Three days later, shooting erupted again when several Indians came across a small detachment of soldiers. No soldiers were killed, but two of Tall Bull’s warriors were wounded. Corporal John Kile would later be awarded the Medal of Honor for his bravery during the skirmish. On that same night, July 8, Indians attacked Carr’s camp and tried unsuccessfully to run off his horses. Sergeant Mad Bear of the Pawnee Scouts was wounded by friendly fire after he charged the retreating Indians and was about to kill one of the warriors. For that action, along with his killing of two warriors in the July 5 fight, Mad Bear was also awarded the Medal of Honor.

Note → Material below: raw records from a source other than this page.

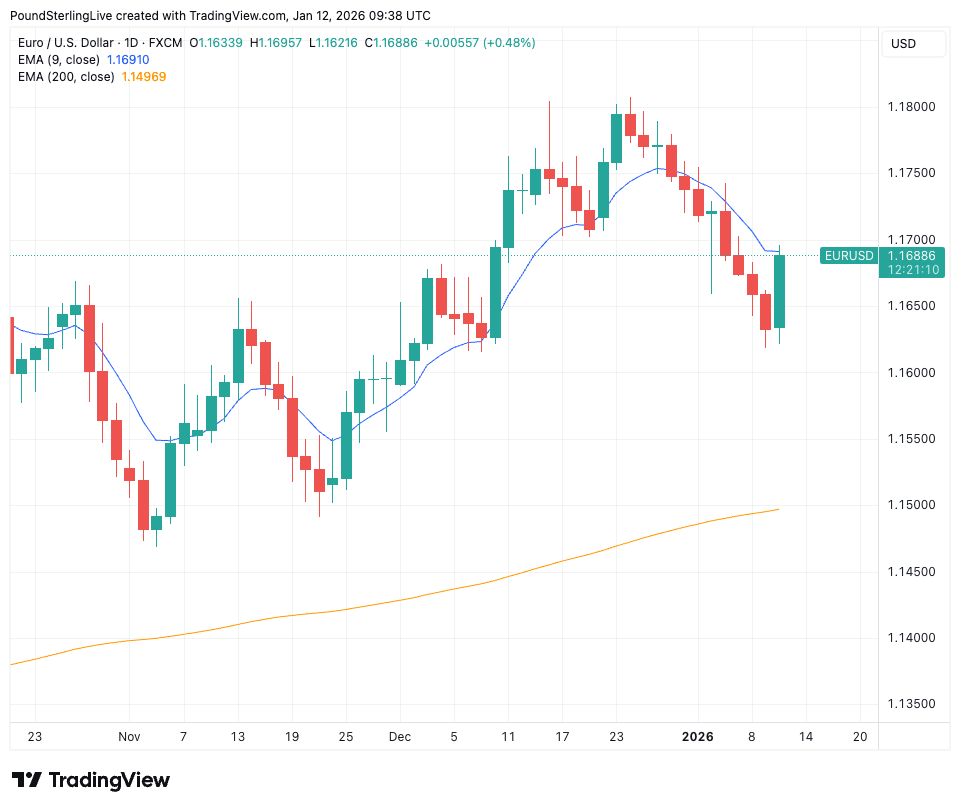 The pair had fallen to a low of 1.1618 after 11 uninterrupted days of decline, but Monday sees a solid 0.50% gain to 1.1692, courtesy of Trump's latest moves.
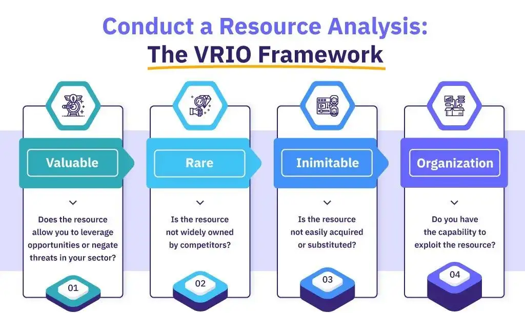 美国管理学教授Jay B. Barney开发了 一套"VRIO"框架,这是一种战略工具,可以帮助组织识别和评估公司内部资源并充分利用它们。
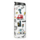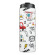 A playful, cartoon-style city pattern featuring buses, cars, helicopters, traffic lights, buildings, and fun doodle text like “Beep Beep,” “Wuz Up?” and “Go,” in bright red, yellow, blue, and black tones.
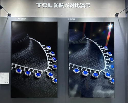在展会现场,TCL还特别进行了防眩光对比演示,直观呈现了TCL商用智屏与普通电视在显示效果方面的差异,获得现场观众和媒体一致好评。根据现场对比演示可见,TCL商用智屏在强光环境下的可视性表现突出,其防眩光技术可有效降低各类环境光干扰,确保商业信息在任何环境下都能清晰传达。
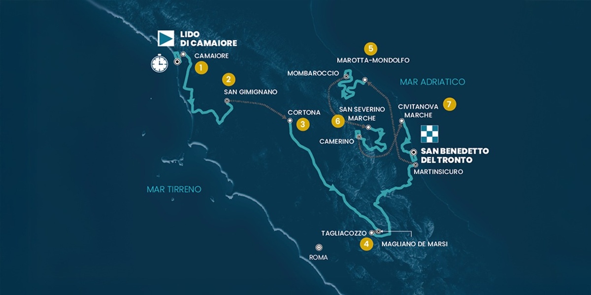 Начало «убийственной» связки этапов в Марке. Гонщиков ждут классические апеннинские подъемы Овиндоли и Валико-делле-Капаннелле. Однако главная опасность кроется в финале: каскад коротких, но адски крутых стен. Кастеллальто с затяжными 12%, Москьяно-Сант-Анджело и, главное, Tortoreto di Badetta. Последний подъем в 12 км от финиша имеет отрезки с градиентом до 20%! После спуска останется лишь 8 км променада до финиша, где разрывники будут пытаться удержать свое преимущество.
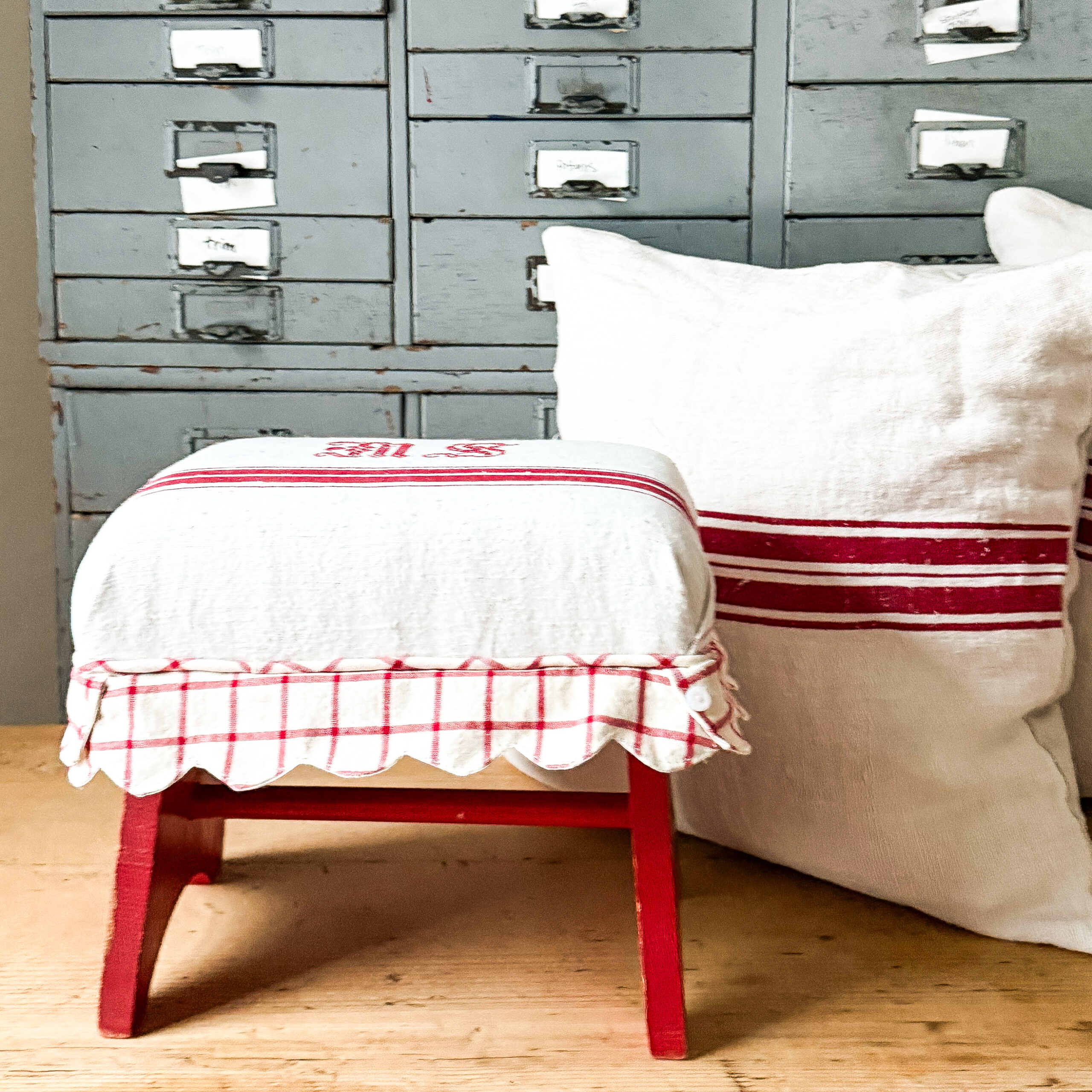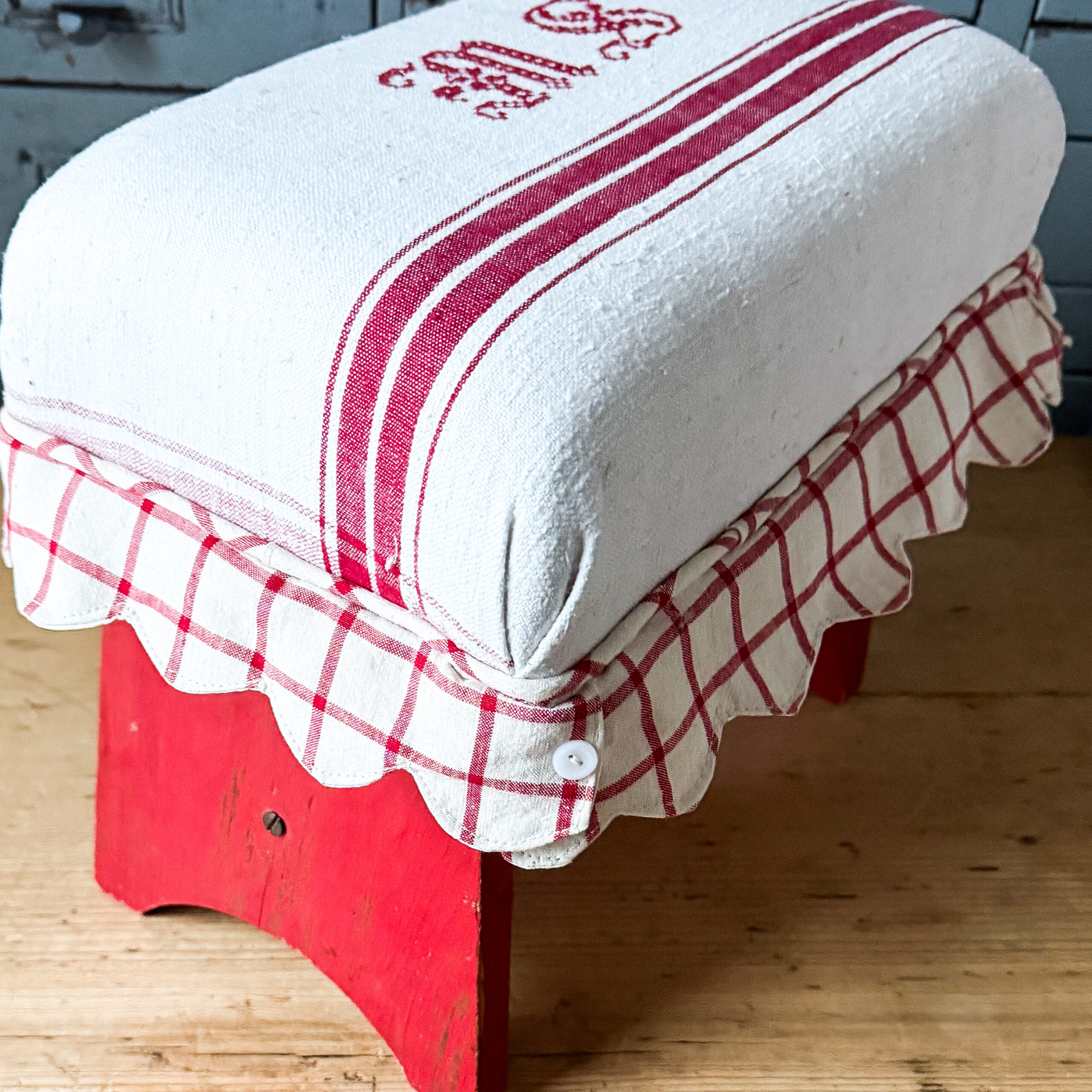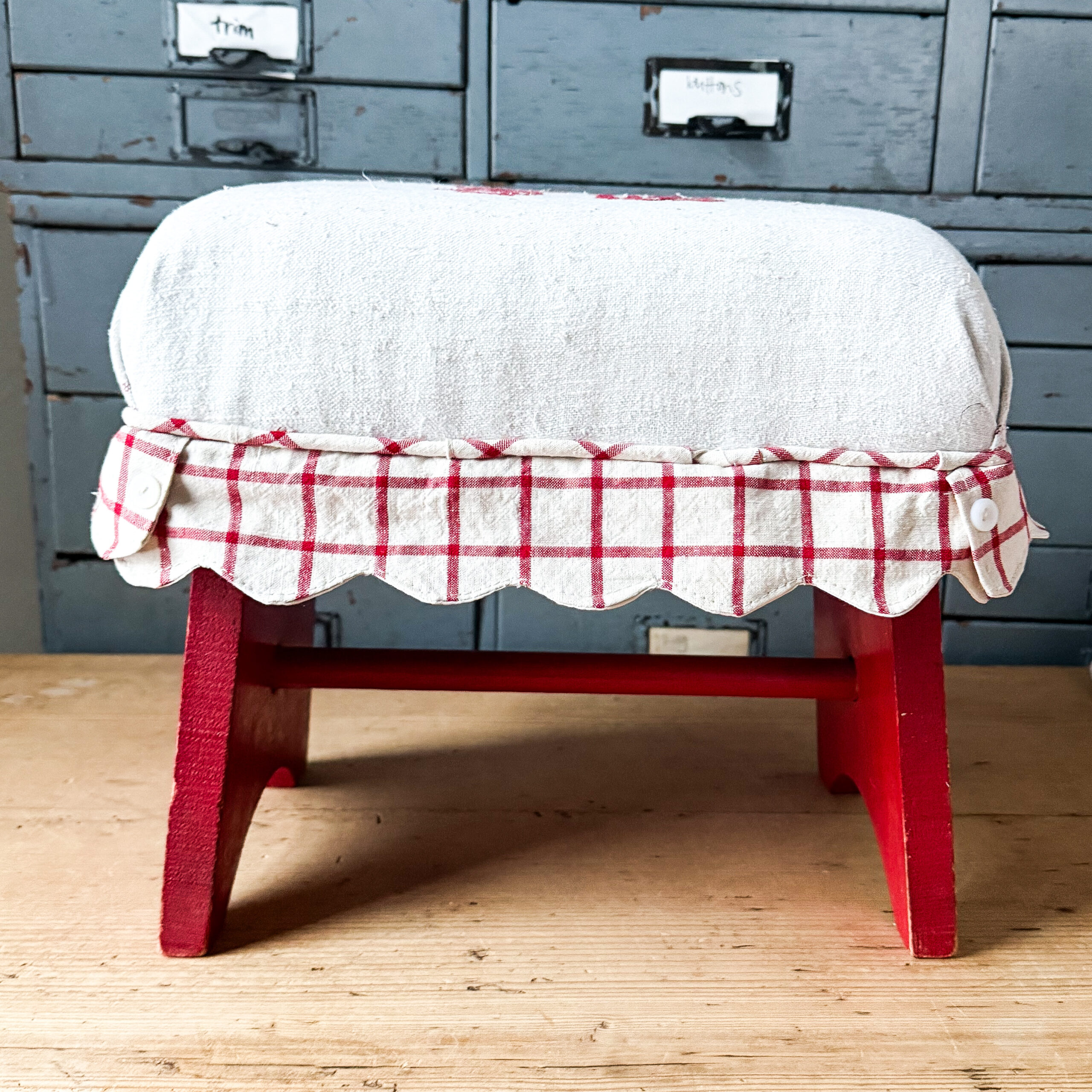 This footstool was upholstered in vintage European hemp linen.  It measures approximately 10 3/4 inches high and 11 1/2 across and 7 inches deep.  This is perfectly imperfect upholstered with fabric with a history, there could be light stains and repairs.  There is chipping with the paint, and there is very slight wobble with the stool, I barely noticed while reupholstering, it is sturdy, but I just wanted to offer full disclosure.  The colors may appear slightly different in person.  This is offered with free shipping in the US>
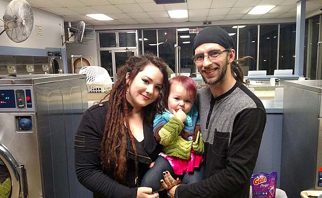 Artist Anna Burke and musician Ryan Stinson, with their daughter, Presley, 18 months, on a recent evening at the laundromat on Dayton Street. Burke and Stinson each moved to Yellow Springs in 2012 from nearby communities. They met here and have begun to build a life in the village, loving the community and navigating the challenges of housing, employment, parenthood and pursuing their art. (Photo by Dylan Taylor-Lehman)
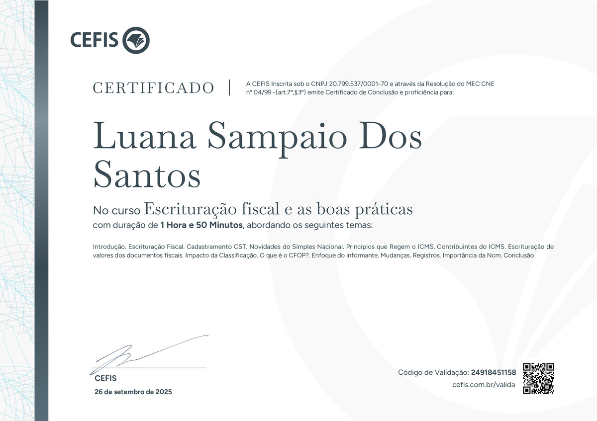 O certificado acima atesta que LUANA SAMPAIO DOS SANTOS concluiu com êxito o curso Escrituração fiscal e as boas práticas em 26/09/2025 às 10:09:54,
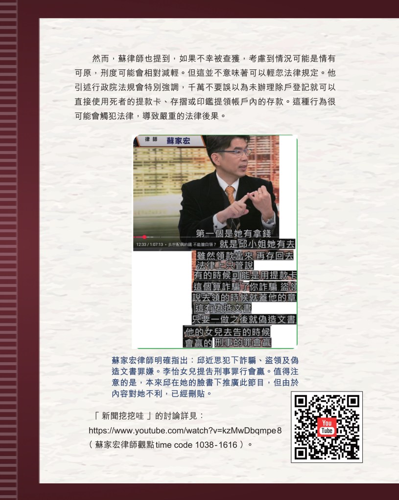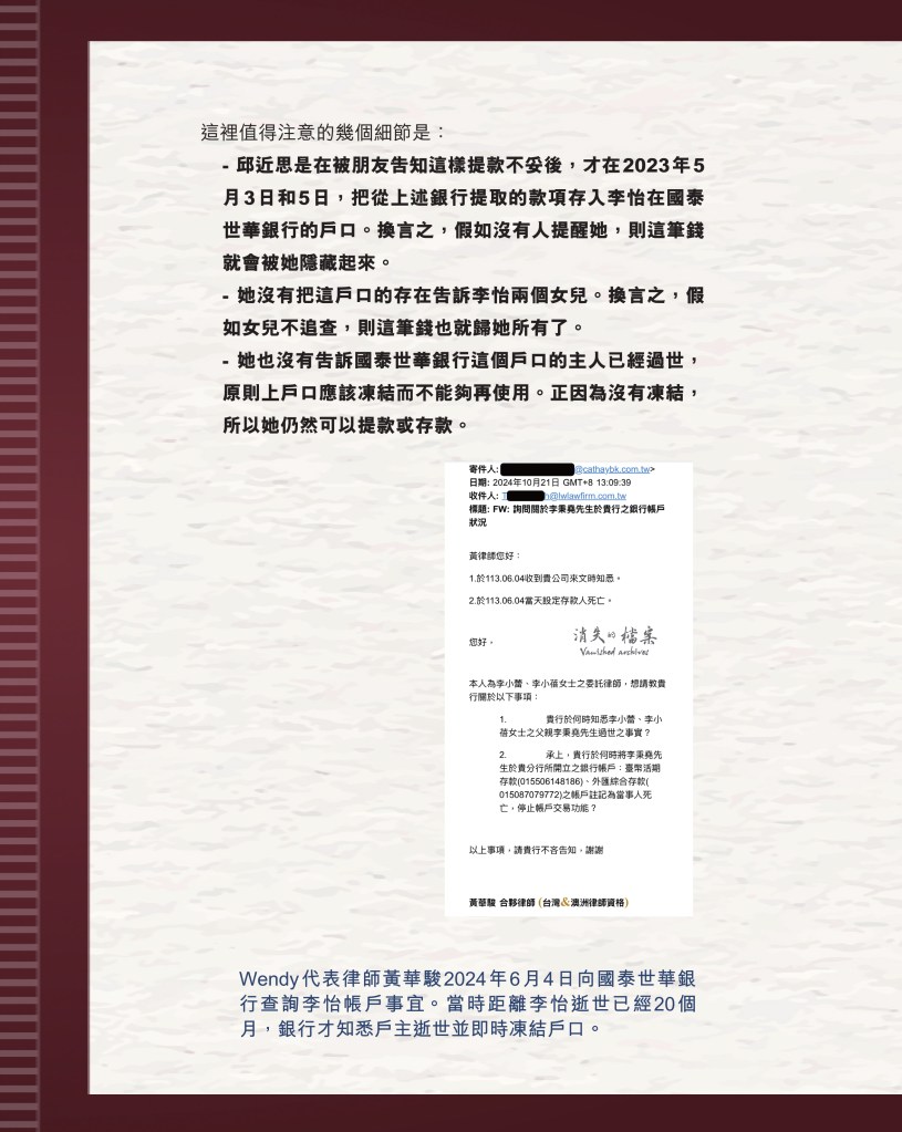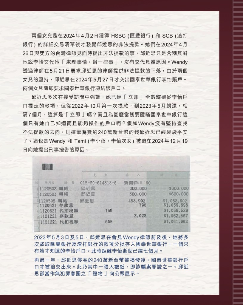 #可以休矣邱近思 #邱近思 #詐騙 #盗取 #偽造文書 #刑事調查 #匯豐銀行 #渣打銀行 #國泰世華銀行 #蔡慧玲 #蘇家宏 #邱近思 #我與李怡 #創作後三篇 #黃瑾瑜 #印刻文學 #初安民 #李怡遺產案 #程翔 #李怡 #失敗者回憶錄 #李小蕾 #李小蓓 #照顧者阿安 #消失的檔案

On July 9, Carr pushed his men, hoping to overtake the Indians before they had a chance to cross the South Platte River and escape to Wyoming Territory. On the evening of the 10th, Carr camped at a place where the Indians had camped that morning. He knew that a strong final push was needed because the Indians were aware of his presence. After reducing his command to only those men whose horses were fit for a hard and long ride, he was left with 244 soldiers and 50 Pawnee Scouts. William Buffalo Bill Cody, chief scout and guide, rode with them.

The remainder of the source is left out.